Buradasınız
Yeni İş Sağlığı ve Güvenliği Yasası

İş kazaları ve işçi ölümleri durmak bilmiyor. Nisan ayında 100’e yakın ailenin daha ocağına ateş düştü. Gelecek günlerde daha iyi bir yaşam süreceğini hayal eden işçiler, patronların kârı uğruna 5’er 10’ar bu dünyadan göçüp gidiyorlar. AKP hükümeti ve patronlar ise, “kader” diyerek sorumluluklarını üzerlerinden atıyorlar. Yani işçilerin ölmesi onların umurunda değil. Patronlar yalnızca kârlarını büyütmeye bakıyorlar.
Çalışma Bakanı çıkıp, “iş güvenliği yasası lazım” diyor.

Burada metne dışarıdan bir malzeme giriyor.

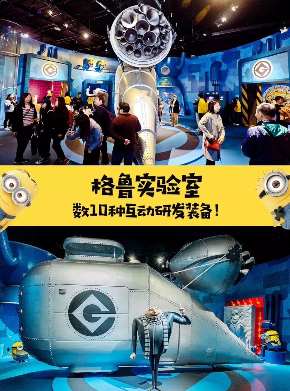 《神偷奶爸》系列動畫的經典片段與回憶,全都在深圳落地還原了。展覽總計占地4,000平,利用3個樓層打造出7大互動體驗展區,包含環壯劇院(Theater)、實驗室通道(Hallway)、格魯實驗室(Gru's Lab)、壞蛋區(Villains)、女孩們的房間(Girls' Room)、小黃人特區(Minios Zone)與商售區(Retail)。透過經典珍貴手稿圖素、格魯實驗室、還有史嘉雷殺很大(Scarlet Overkill)、維克特柏金斯(Vector Perkins)、人稱猛老大的愛德華多(Eduardo Perez A.k.a EL Macho)、巴薩澤布拉特(Balthazar Brett)等4位歷任反派,讓人除了可以藉由展覽進入電影經典場景與角色重逢外,還可以貼身了解小黃人的演化史。
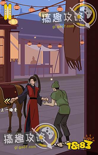 下一场景用剪刀在门洞上剪下布,并拿到毛笔。
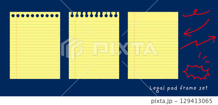 リーガルパッド風のノート背景・フレーム素材セット。横罫・方眼・穴あきなど、Webや紙面デザインに
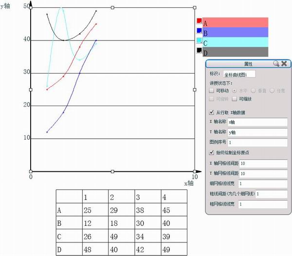 将鼠标光标移到表格中任一格,右键单击调出右键菜单,点击生成坐标曲线图功能,可自动根据表格中数据生成对应的坐标曲线图。右键单击坐标图,选择属性,可以对坐标的坐标轴、网格间距、线条等做相应的设置。
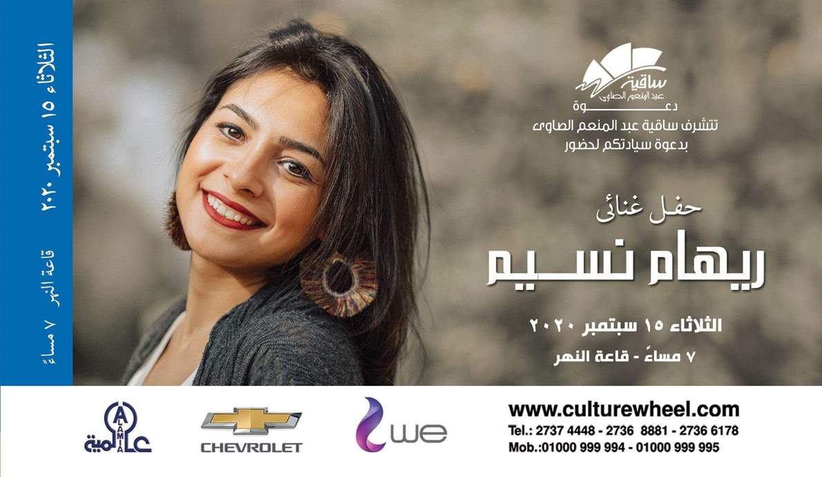 تنظم ساقية الصاوي ، يوم الثلاثاء الموافق 15 سبتمبر الجاري، في تمام السابعة مساءً، حفلاً غنائياً للمطربة الشابة ريهام نسيم ، على مسرح النهر.
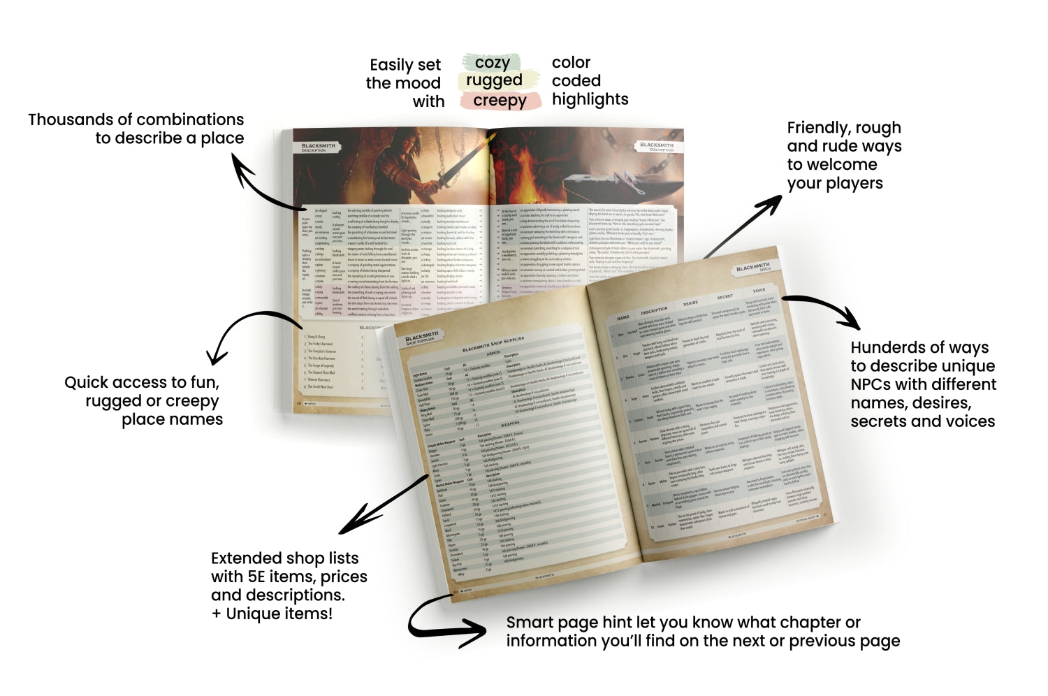Everything is written in a way that gives the DM endless cozy, rugged or creepy options to describe their world and the people in it.

Çalışma yaşamının sorumluluğunu taşıyan bir bakan çıkıp, sanki sorumlu kendisi değilmiş gibi konuşabiliyor. Madem yasa lazım, neden bugüne kadar çıkarmadınız? İş güvenliği yasasını çıkartmak için her ay 100’den fazla işçinin ölmesi mi gerekiyor? Peki, meclis gündemine getirilen İş Sağlığı ve Güvenliği Yasası, gerçekten de işçilerin derdine derman olacak mı, ölümler duracak mı? Yasanın ayrıntılarına baktığımızda böyle olmayacağını rahatlıkla görebiliriz.

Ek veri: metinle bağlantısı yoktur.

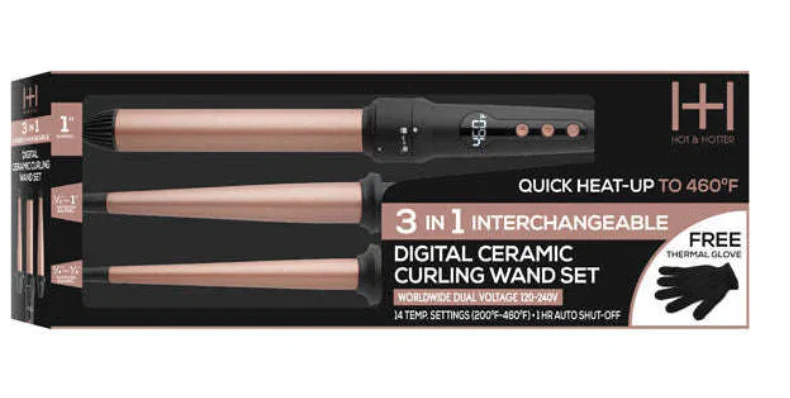 Hot & Hotter 3 in 1 Interchangeable Digital Curling Wand Set
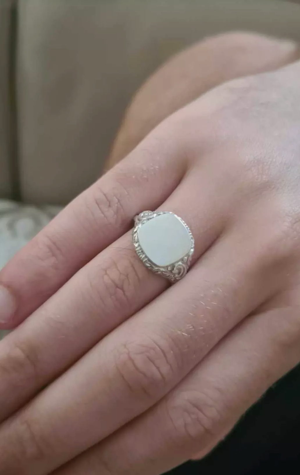 Genuine Solid Sterling Silver Square Engraved Signet Ring - Choose your size
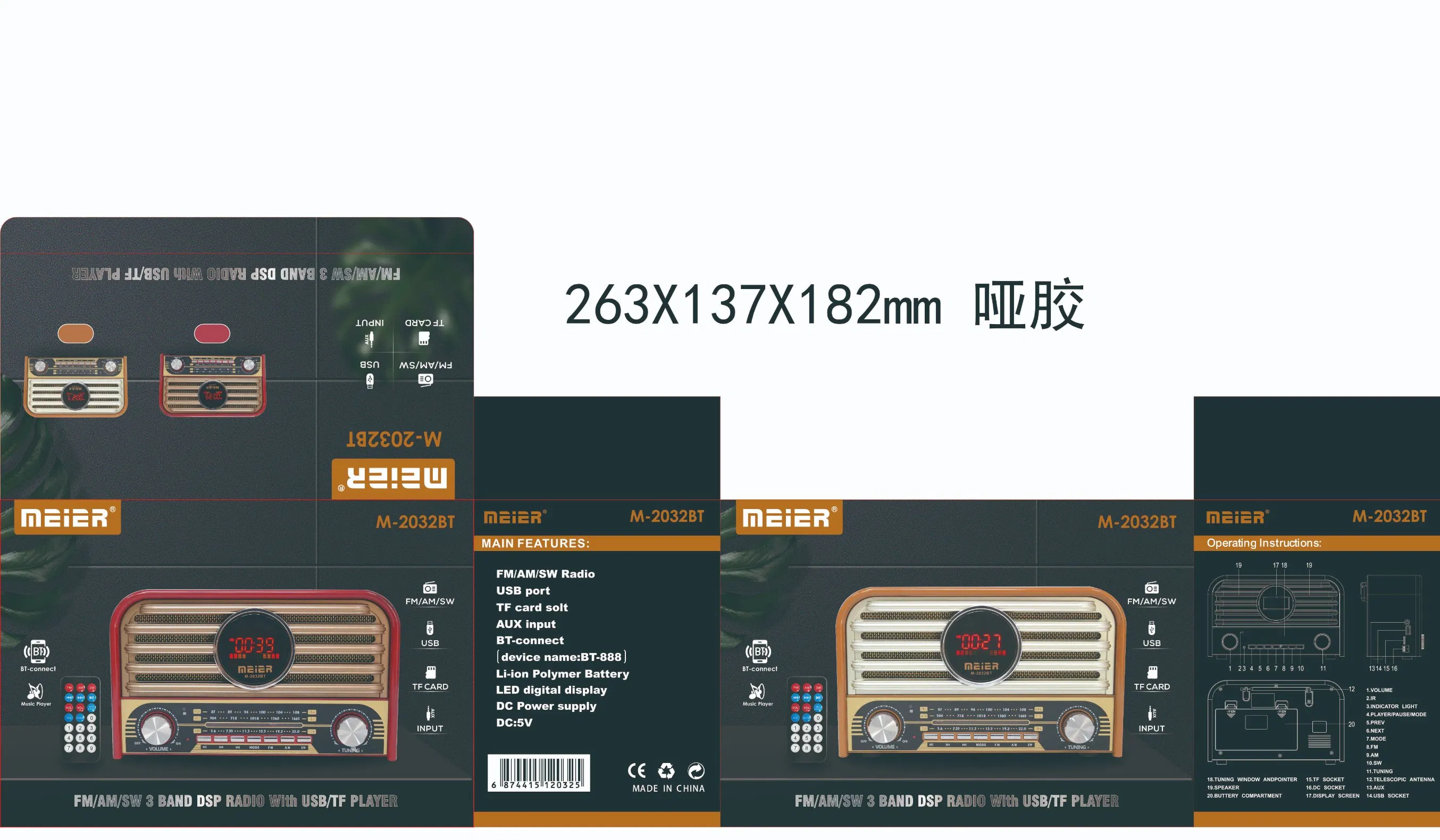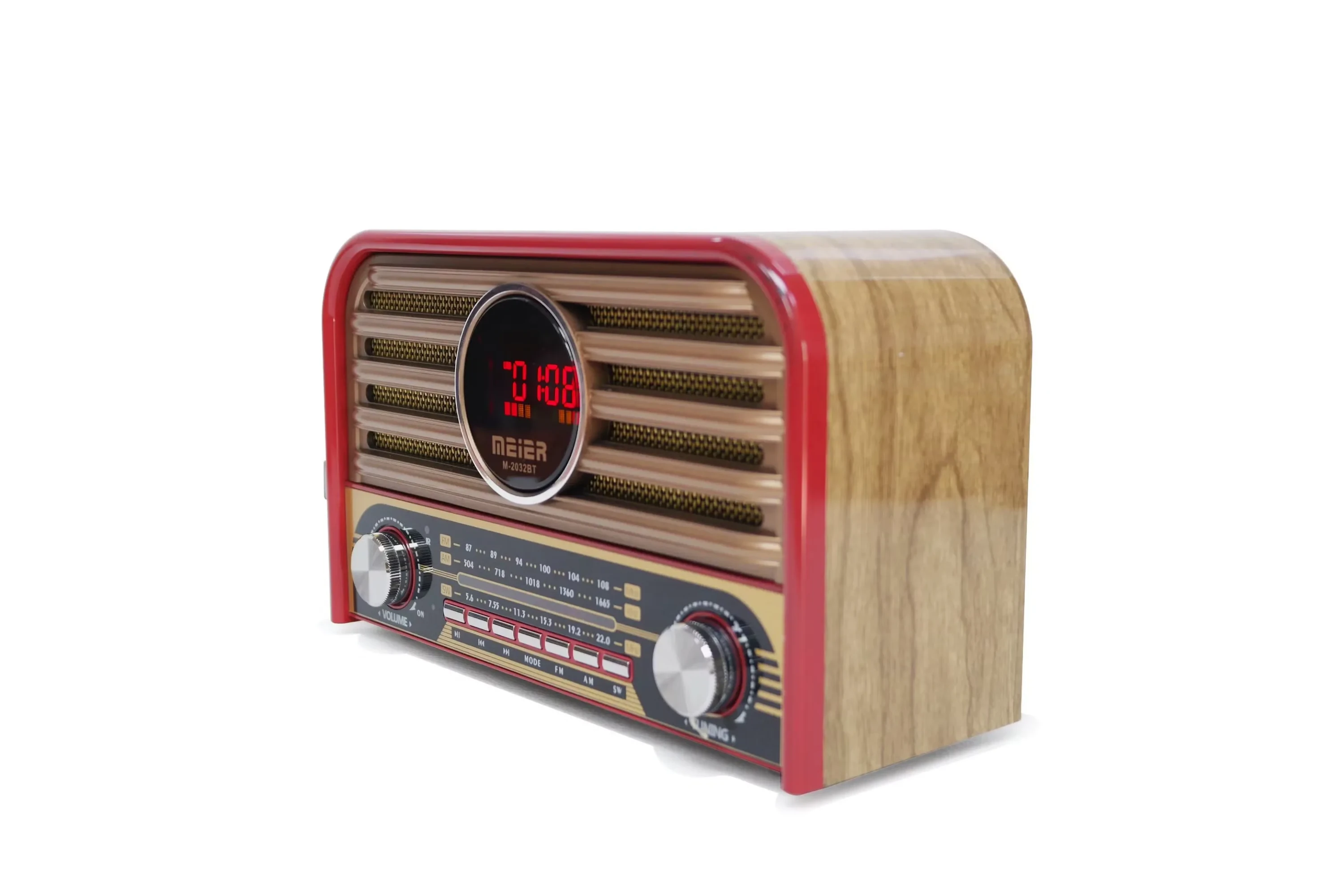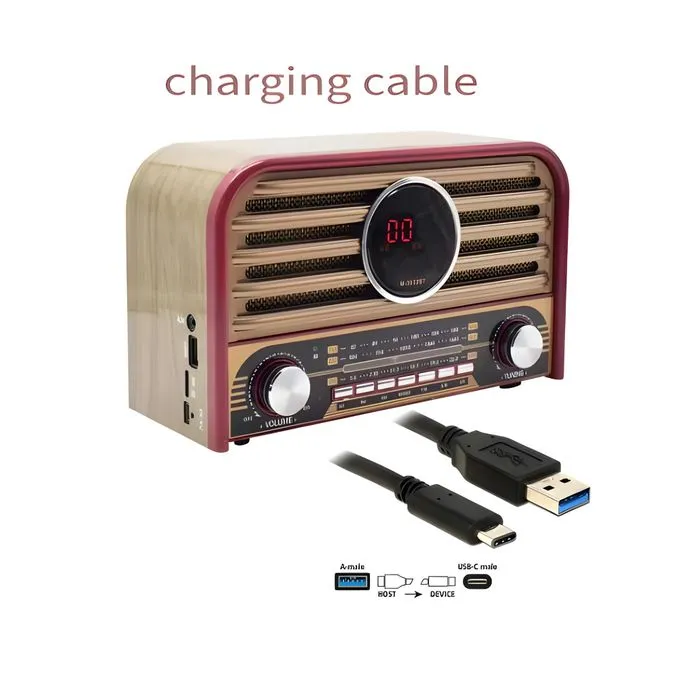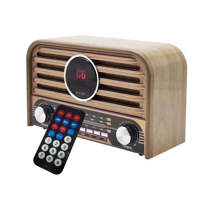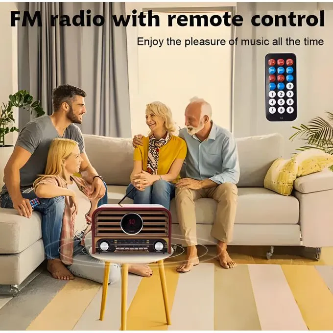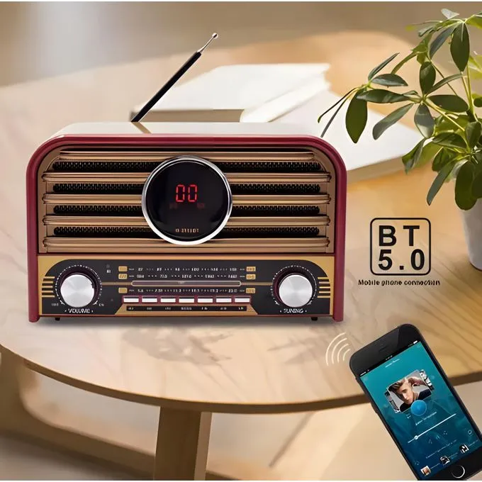 يتميز الراديو بتصميم خشبي كلاسيكي يجمع بين الأصالة والتكنولوجيا الحديثة. يدعم وظائف متعددة بما في ذلك البلوتوث، ومنفذ USB، وبطاقة SD، ومدخل AUX. يتضمن راديو متعدد النطاقات (FM، AM، SW). يمكن التحكم فيه عن بعد باستخدام جهاز التحكم المرفق.

Yasa taslağı öyle bir hazırlanmış ki, işçi sınıfının büyük çoğunluğu bu yasanın kapsamı dışında kalıyor. Sigortasız çalıştırılan, dolayısıyla kapsam dışı olan 9 milyon işçi, bu yasadan yararlanamayacak. İş kazalarının yaşandığı onlarca işyerinde patronlar, işçilerin sigortalarını iş kazasından sonra yapmaktalar. Bu yasanın işçilerin derdine derman olmayacağı şuradan da belli: Yasanın getireceği yükümlülükler, 50’den fazla işçinin çalıştığı işyerlerinde geçerli olacak. Türkiye’de sigortalı işçi çalıştıran işyeri sayısı 1 milyonu geçiyor. Fakat bu işyerlerinin %98’i 50’den az işçi çalıştırıyor. Taşeronlaşma alıp başını gittiği için, yüzlerce işçinin çalışır gözüktüğü fabrikalarda da, birden çok şirket bulunuyor. Bu şirketlere kayıtlı işçi sayısı çoğunlukla 30’u geçmemektedir. Bu nedenle, sigortalı olsa bile milyonlarca işçi, İş Sağlığı ve Güvenliği Yasası kapsamı dışında kalacaktır.
AKP hükümeti ve Çalışma Bakanı “yasa çıkartıyoruz, işçi ölümleri duracak” diyor, ama gerçekler hiç de öyle söylemiyor. Aslında kurda kuzu teslim ediyorlar. Yasa taslağına göre, 50’den fazla işçinin çalıştığı işyerlerinde İş Güvenliği Kurulları oluşturulacak. Bu kurulda işveren ya da temsilcisi, işyeri hekimi, iş güvenliği uzmanı ve işçi temsilcileri yer alacak. Yasa, patronları, işçilerin kendi temsilcilerini seçmelerini sağlamakla yükümlü kılıyor. Eğer patron, işçilerin söz konusu kurula temsilci seçmesini sağlamazsa ceza alacakmış: Tam 200 lira! Yani açıkça işçilerle alay ediliyor. İşçilerin kendi bağımsız kararlarını alamayacağı, patronun bu kurula istediği kişileri alacağı, 200 lira cezanın bir yaptırım gücü olmayacağı yeterince açıktır. Diğer taraftan, işten atılma kaygısı duyacak ve bağımsız olamayacak olan iş güvenliği uzmanının, patronunun denetiminden çıkmayacağı da bellidir. Tümüyle patronların denetimine girecek olan İş Güvenliği Kurullarına, patronlara maliyet oluşturacak gerekli iş güvenliği önlemlerini aldırmak mümkün olmayacaktır. Hadi diyelim ki kurul gerekli kararları aldı; bu kurulun patron üzerinde hiçbir yaptırım gücü olmadığı için patron istediği gibi hareket edebilecektir.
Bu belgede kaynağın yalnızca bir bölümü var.